*** AVAILABLE DATA

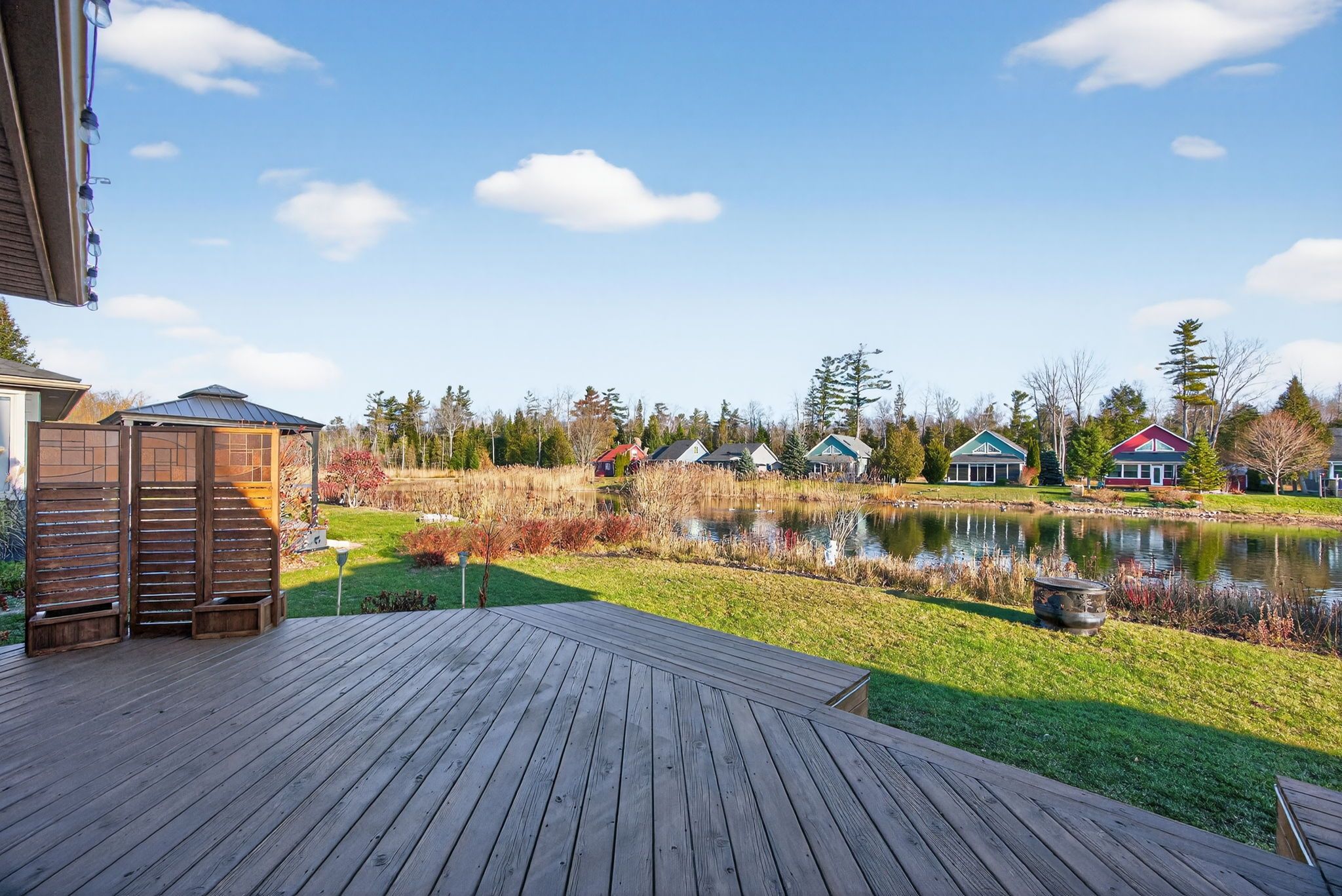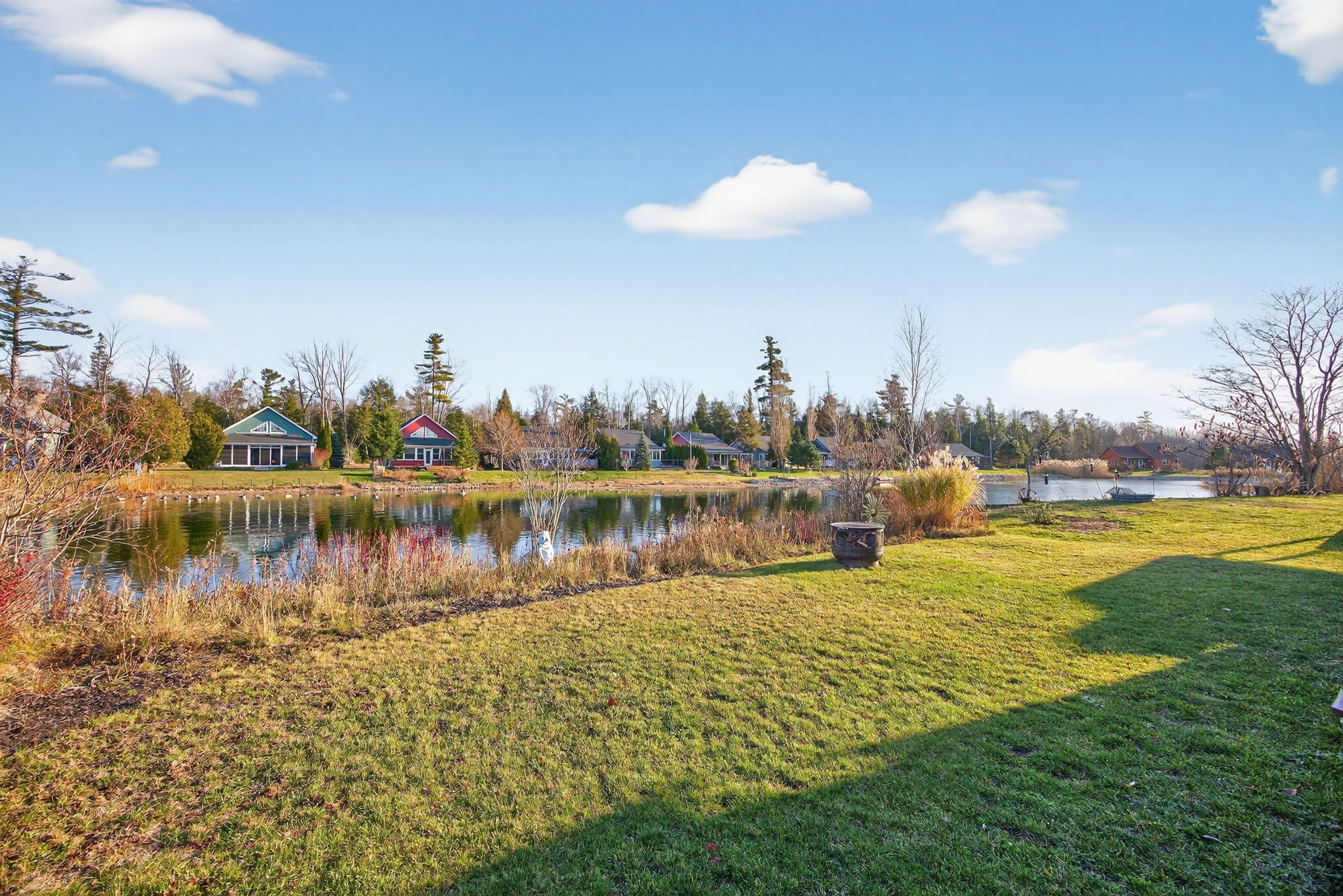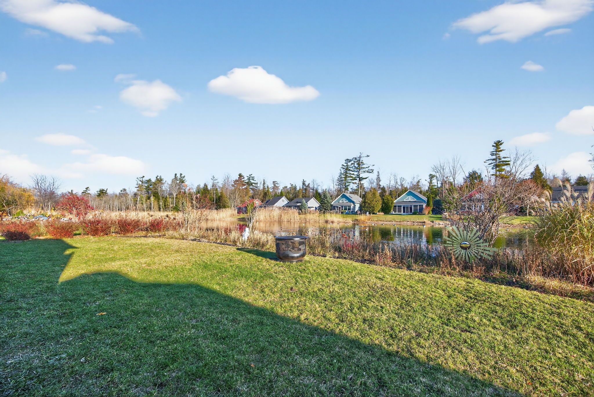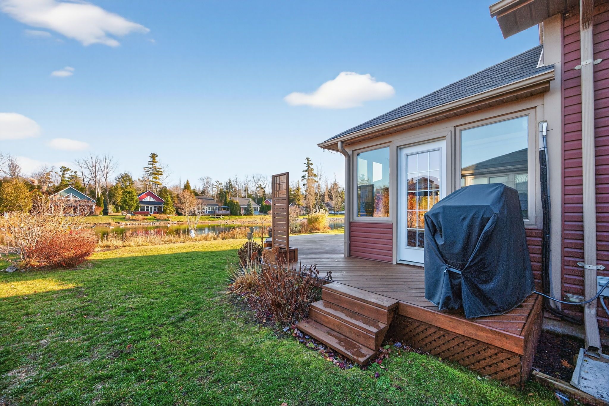 • Cozy gas fireplace and a sunroom with pond views.
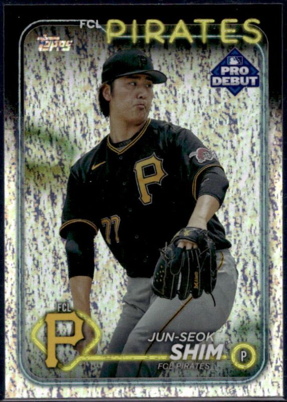 The Jun-Seok Shim 2024 Topps Pro Debut #PD-59 Sparkle Foil /175 card is 1 of 43 Jun-Seok Shim's card variations in the 2024 Topps Pro Debut set being tracked by Sports Card Investor, including Base, Fuchsia Foil /199, Blue Foil /150, Green Foil /99, and Aqua Foil /75.
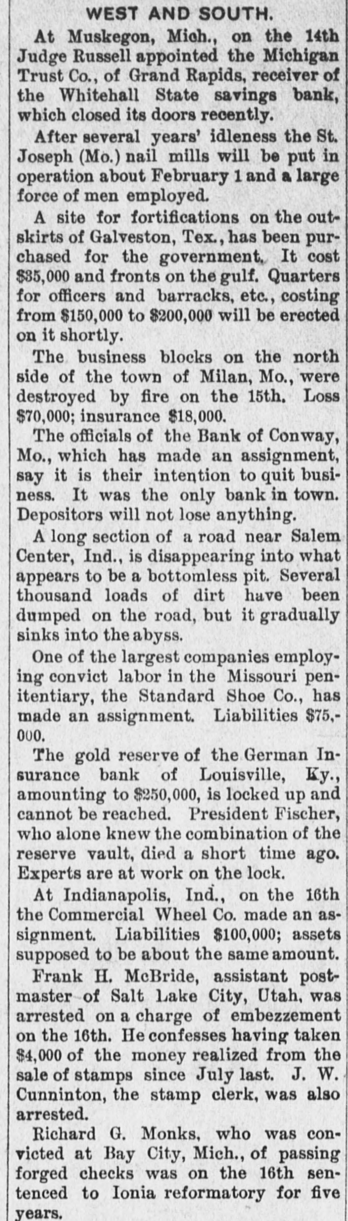 WEST AND SOUTH. At Muskegon, Mich., on the 14th Judge Russell appointed the Michigan Trust Co., of Grand Rapids, receiver of the Whitehall State savings bank, which closed its doors recently. After several years' idleness the St. Joseph (Mo.) nail mills will be put in operation about February 1 and a large force of men employed. A site for fortifications on the outskirts of Galveston, Tex., has been purchased for the government, It cost $35,000 and fronts on the gulf. Quarters for officers and barracks, etc., costing from $150,000 to $200,000 will be erected on it shortly. The business blocks on the north side of the town of Milan, Mo., were destroyed by fire on the 15th. Loss $70,000; insurance $18,000. The officials of the Bank of Conway, Mo., which has made an assignment, say it is their intention to quit business. It was the only bank in town. Depositors will not lose anything. A long section of a road near Salem Center, Ind., is disappearing into what appears to be a bottomless pit. Several thousand loads of dirt have been dumped on the road, but it gradually sinks into the abyss. One of the largest companies employing convict labor in the Missouri penitentiary, the Standard Shoe Co., has made an assignment. Liabilities $75,000. The gold reserve of the German Insurance bank of Louisville, Ky., amounting to $250,000, is locked up and cannot be reached. President Fischer, who alone knew the combination of the reserve vault, died a short time ago. Experts are at work on the lock. At Indianapolis, Ind., on the 16th the Commercial Wheel Co. made an assignment. Liabilities $100,000; assets supposed to be about the same amount. Frank H. McBride, assistant postmaster of Salt Lake City, Utah, was arrested on a charge of embezzement on the 16th. He confesses having taken $4,000 of the money realized from the sale of stamps since July last. J. W. Cunninton, the stamp clerk, was also arrested. Richard G. Monks, who was convicted at Bay City, Mich., of passing forged checks was on the 16th sentenced to Ionia reformatory for five years.
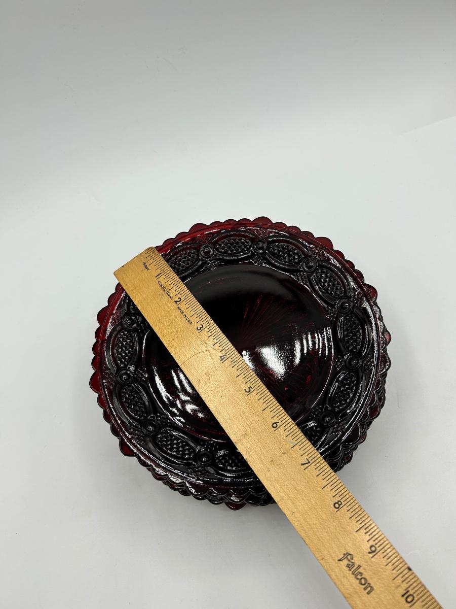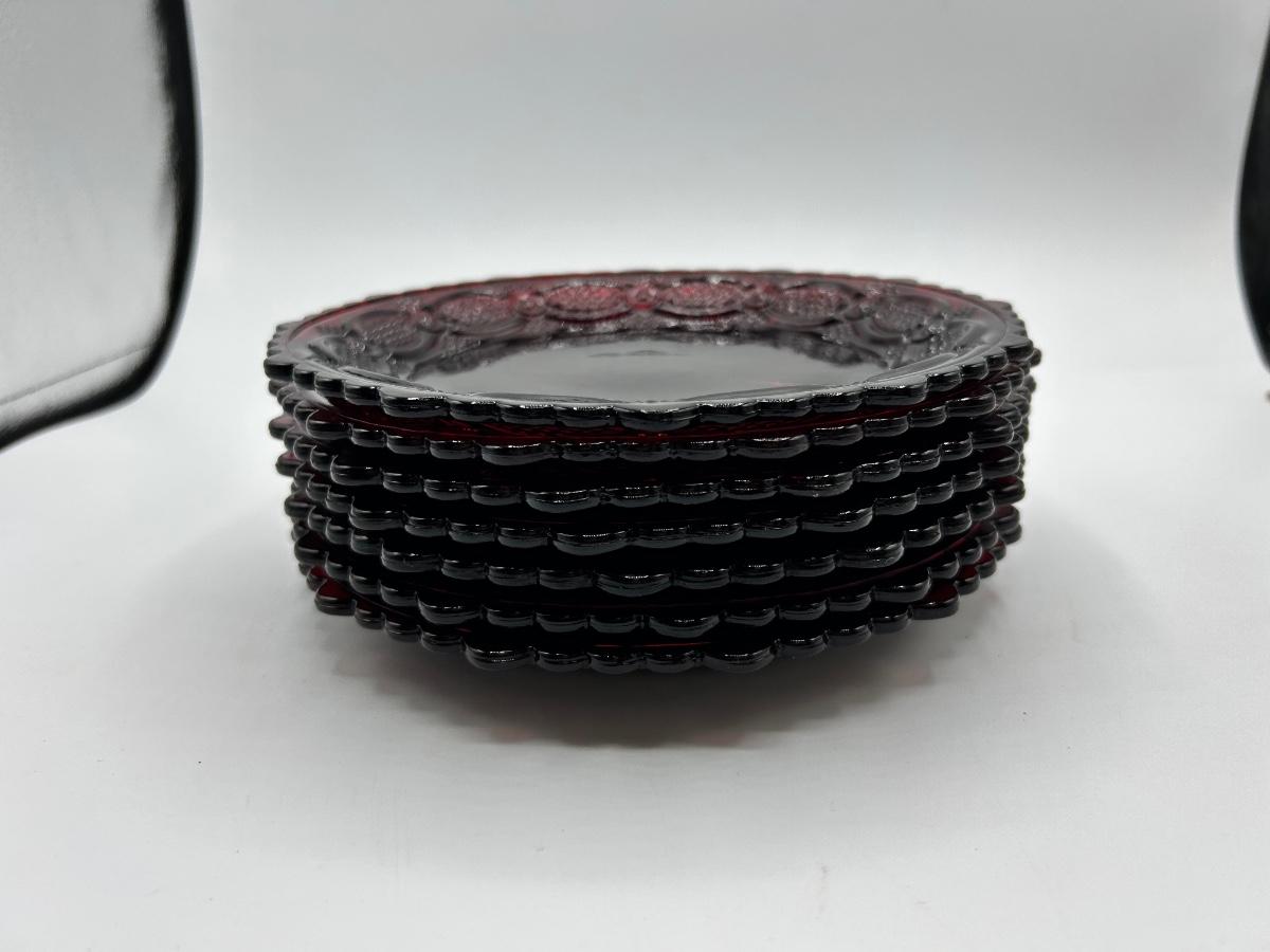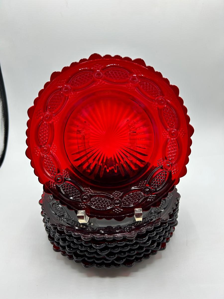 Vintage Ruby Red Avon Glass Salad Dessert Plates Cape Cod Pattern Pressed Glass 1970s. In previously used condition. No major chips noticed but may have a flea bite here and there. About 7" size. Set of 7.

******

### WHAT YOU SHOULD DO
Please output the listing above exactly from its first line through the line with "The Jun-Seok Shim", both included, and nothing beyond that line. Omit pictures.

### TASK RESULT
 • Cozy gas fireplace and a sunroom with pond views.
 The Jun-Seok Shim 2024 Topps Pro Debut #PD-59 Sparkle Foil /175 card is 1 of 43 Jun-Seok Shim's card variations in the 2024 Topps Pro Debut set being tracked by Sports Card Investor, including Base, Fuchsia Foil /199, Blue Foil /150, Green Foil /99, and Aqua Foil /75.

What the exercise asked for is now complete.